You dedicate each chapter to one video, often beginning with a transcript of audio and some screenwriting direction to let us see the piece, followed by an analysis that develops through what you learn in conversation with each short work. Chapter One, “A Happy Man,” focuses on a video by rideaudur, posted January 17, 2011. You begin:

In this short clip, we hear more than we see a man walking up and down along a main artery (“the avenue,” as he calls it) of a North African city. As he walks, he improvises a poetic panegyric in honor of the people of his country and the freedom they have won for themselves. Yet the people of whom and to whom he speaks are nowhere to be seen. Indeed, as the clip progresses, it may seem that he is less assuming their existence than trying to conjure them into being. (pg, 29)

9. A Happy Man from Peter Snowdon on Vimeo.

Peter

That particular video is one that means a lot to me, as I believe it did to many other people. It is one of the few that made it into my film more or less unedited. And a large part of what I was doing in the book came from something that occurred to me fairly early on when making the film. I had to accept that, as a general rule, I couldn’t keep the videos whole, that I had to edit them. And so the writing became, in part, a project to restore the integrity of each video.

I was seeing short films coming from a place that I had never expected, which were made in an audiovisual language that seemed both very new, but also coherent with languages that I knew from traditions of experimental media work that seemed to me to have nothing to do with this place and time, and which may or may not have been particularly political in their intent. So, when I was describing these individual videos, I really wanted the writing to recreate for me, and thus for the reader, this sense that this may only be three minutes and 27 seconds of screen time, but this is an actual “work,” as solid and as densely wrought and as present as anything you might pay to see in a cinema (or, more likely, a cinematheque…).
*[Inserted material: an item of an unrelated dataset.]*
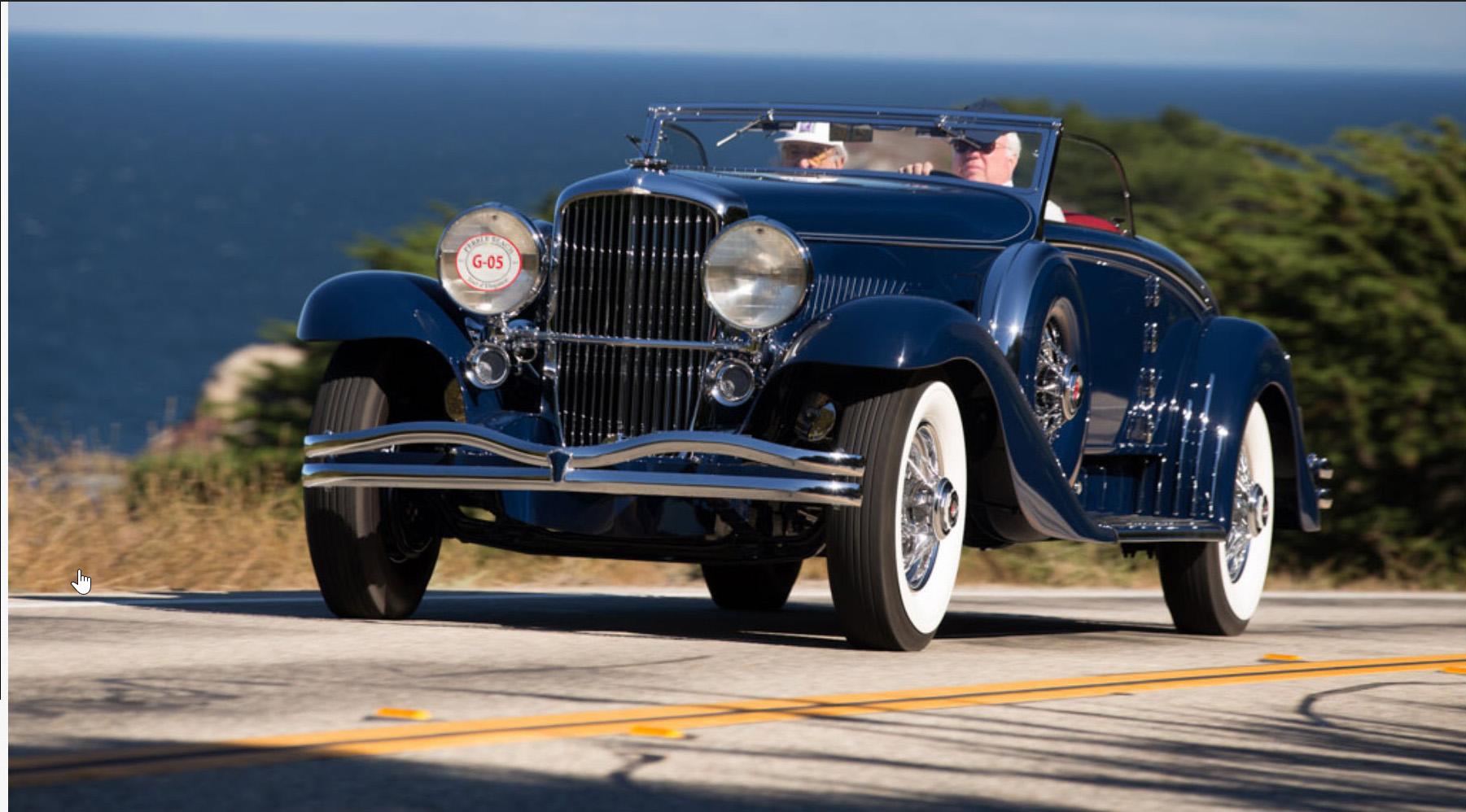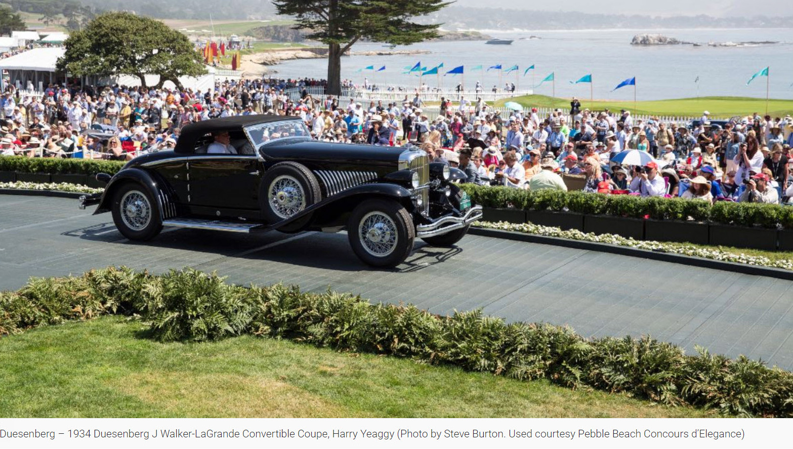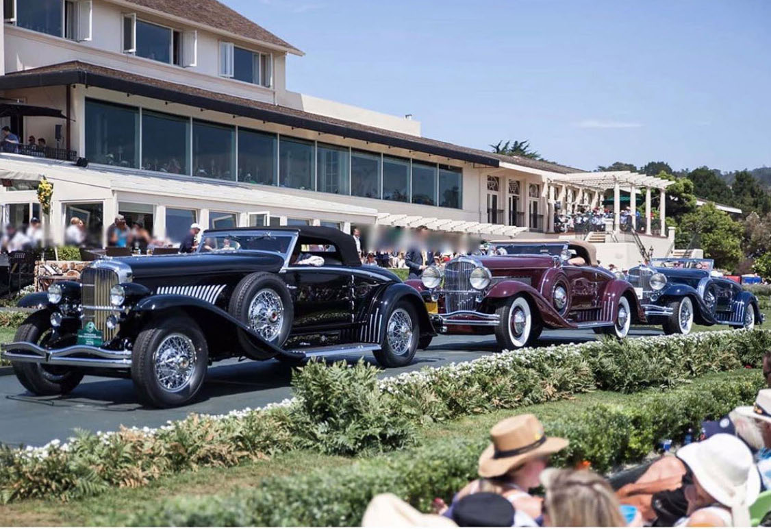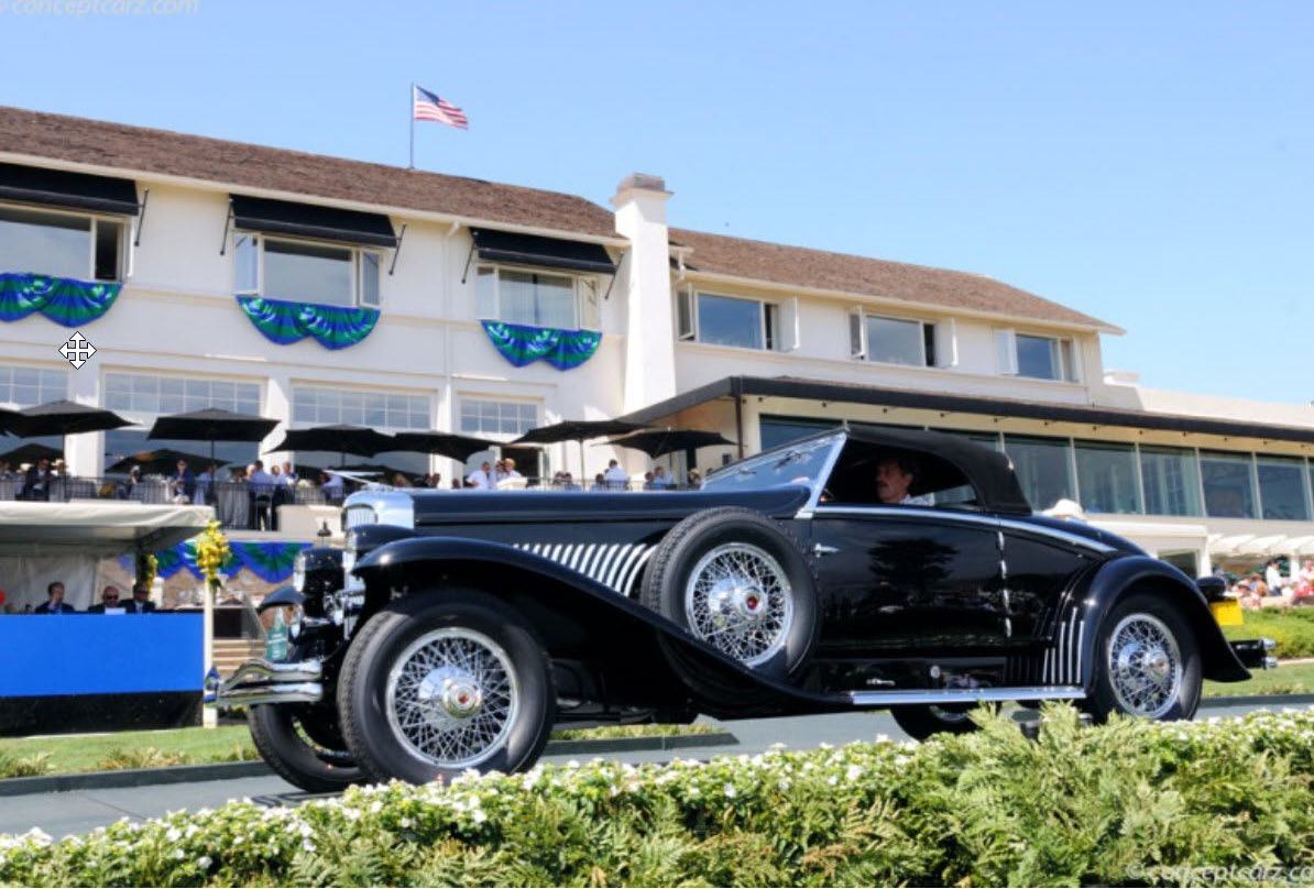 There’s some confusion of which Duesenberg is what? The winning Duesenberg in front of the other two, was all black (with the later looking ‘34 headlight), was shown having a maroon body with the black fenders and headlight and having whitewalls in the Cove Neck garage? When was the photo taken, before or after the Pebble Beach win? At the start of your article there’s a blue Duesenberg posted that was at the third spot on the Pebble Beach runway. Howard, please sort this out.

If I insist on the sensory and kinetic qualities of these videos, it is because the videos themselves insist on them. They are above all exercises in the concrete, and as such, acts of resistance against the kinds of abstraction that characterize both the practice of government and certain species of intellectual discourse. (…) They do not offer etiologies, genealogies, or any other type of rationalization. They do not explain, much less explain away. They are presentations rather than representations. They are committed to appearance as a space of action in and for its own sake, not as something to be decoded or demystified. (p. 3)
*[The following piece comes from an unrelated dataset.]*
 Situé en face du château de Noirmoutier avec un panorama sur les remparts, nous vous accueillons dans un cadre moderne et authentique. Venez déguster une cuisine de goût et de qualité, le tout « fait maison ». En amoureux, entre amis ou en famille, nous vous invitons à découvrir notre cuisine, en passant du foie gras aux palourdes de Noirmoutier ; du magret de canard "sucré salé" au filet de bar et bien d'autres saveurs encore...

There is so much that happens in each video which needs to be recognised and honoured. So, in some sense, it was a relief to be able to just attend to one video at a time, and not to have to be also thinking of all the others, or negotiating between them, as I had in making the film where I began to understand the work of editing not just at a practical level, but also more theoretically. My hypothesis was that these videos could together tell a story that would be intelligible without any external assistance, without the need for narration or context. That they could do that work themselves, and that all I had to do was trust the videos. But then, I discovered that it wasn’t enough to trust the videos – they also had to accommodate each other, to make space for one another, without any one of them cancelling or erasing the others. Just as you can’t have a collectivity in which each person does nothing but proclaim their individuality, you cannot have a film in which each shot runs its full unedited length. And in this precise sense, editing is, by its very nature, a political enterprise.

Alex

In this sense, so too is videomaking. It is always an act of selection, framing, argument-building, and affect-production in service of communication or inspiration. But I need to emphasize that not all vernacular video is political video, and this is where I find your close readings and associated theorizing of this body of work so important. You are writing about video that engages self-documentation with a revolutionary duty. You outline the many conditions that need to be in place for people-made video (always in conversation with or even as corporate media) to be active in a project of world-changing and revolution-making. You bring to our attention a kinetic, affective regime, in its formal dimensions, and as a body of video made of individual work by individual people—how this makes us feel, and what it asks us to do.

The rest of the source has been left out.